Hannibal managed to cajole Will into his house in the end with much trouble. He was clearly not used to walking, let alone on his thin, delicate deer legs which were so – for want of a better word – dainty that Will kept overbalancing and leaning on Hannibal for support. In the end, he had given up and simply flapped the bottommost of his wings so he hovered a few inches off the ground, his trim hooves lightly dusting the little grass that remained. They had settled in Hannibal’s living room, sitting opposite each other in a way Hannibal couldn’t help but find ironically similar to his therapy sessions. Therapist to a Fallen Angel would be an excellent tagline, if he was at all interested in one. He had made tea – a delicate lavender tea he’d added plenty of honey and sugar to, just in case the angel developed any human symptoms of shock. Will didn’t seem entirely sure what to do with the mug, however, and had simply curled his clawed hand around the porcelain with a low hum.

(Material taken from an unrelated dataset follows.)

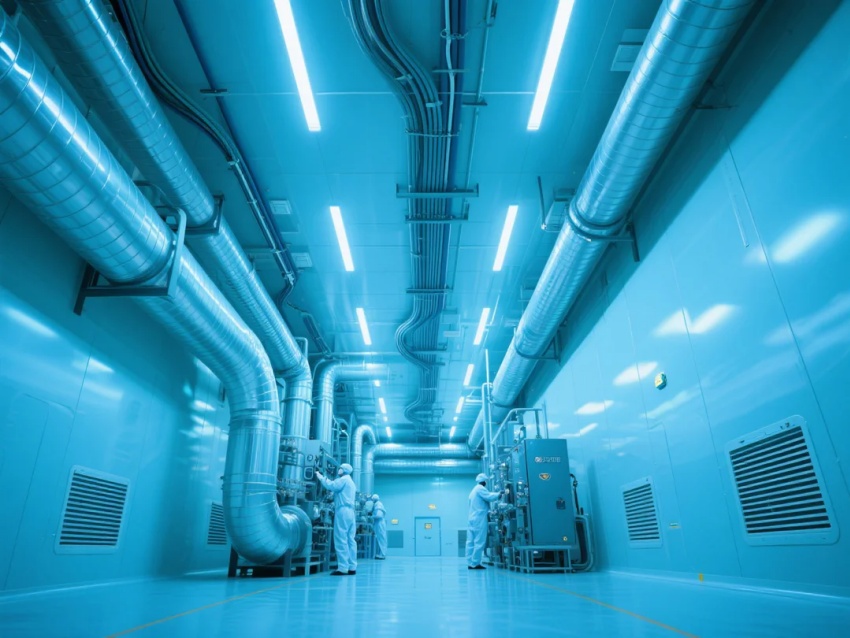 智能化控制:集成環(huán)境監(jiān)測(cè)系統(tǒng),實(shí)時(shí)顯示溫濕度、壓差及粒子濃度數(shù)據(jù),聯(lián)動(dòng)空調(diào)機(jī)組自動(dòng)調(diào)節(jié),確保工藝環(huán)境穩(wěn)定。設(shè)備區(qū)采用不銹鋼圍擋,并設(shè)置黃光防眩照明,減少光學(xué)干擾。整體設(shè)計(jì)兼顧潔凈效能、耐久性與智能化管理,滿足半導(dǎo)體制造的高標(biāo)準(zhǔn)要求。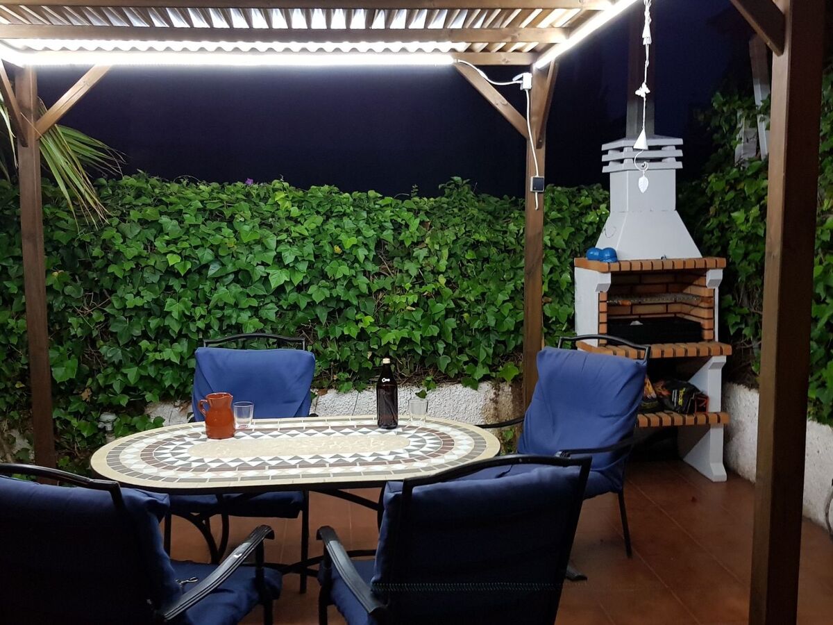 À l'extérieur de la villa, on trouve de nombreux coins salons, une terrasse équipée d'une table basse et de chaises, une pergola couverte où se trouvent une table, des chaises et un grand barbecue au charbon de bois.

They now sat in silence. Will, awkwardly curled into an armchair not meant for his dimensions, antlers almost catching on its high back, staring into the middle distance. Hannibal, studying every inch of him that he could see. He noted with indifferent interest that although the angel was entirely naked, he did not appear to have any genitalia, but was instead entirely smooth like a doll. Hannibal still did not believe in a divinity. Or, at least he did not want to. The very idea of a grand plan, creator deity, and host of angelic and demonic beings seemed patently ridiculous and entirely uncomfortable to him. The world was full of the polite and the impolite, men and monsters, predators and prey. Him and everyone else. To introduce a third category, let alone a fourth or fifth, felt indescribably wrong. But there was no way Hannibal could deny what was quite literally sitting in front of him, holding a rapidly cooling mug of tea. Whatever Will was, he did not fit into Hannibal’s clear designation of beings within the world. Did that mean there was a god? Did that mean there was a God, with all of the Judeo-Christian trappings that came with it? Did he really care either way? It wasn’t like the knowledge of an existence of God, Heaven, or Hell was truly going to stop him. Nothing stopped Hannibal Lecter except himself.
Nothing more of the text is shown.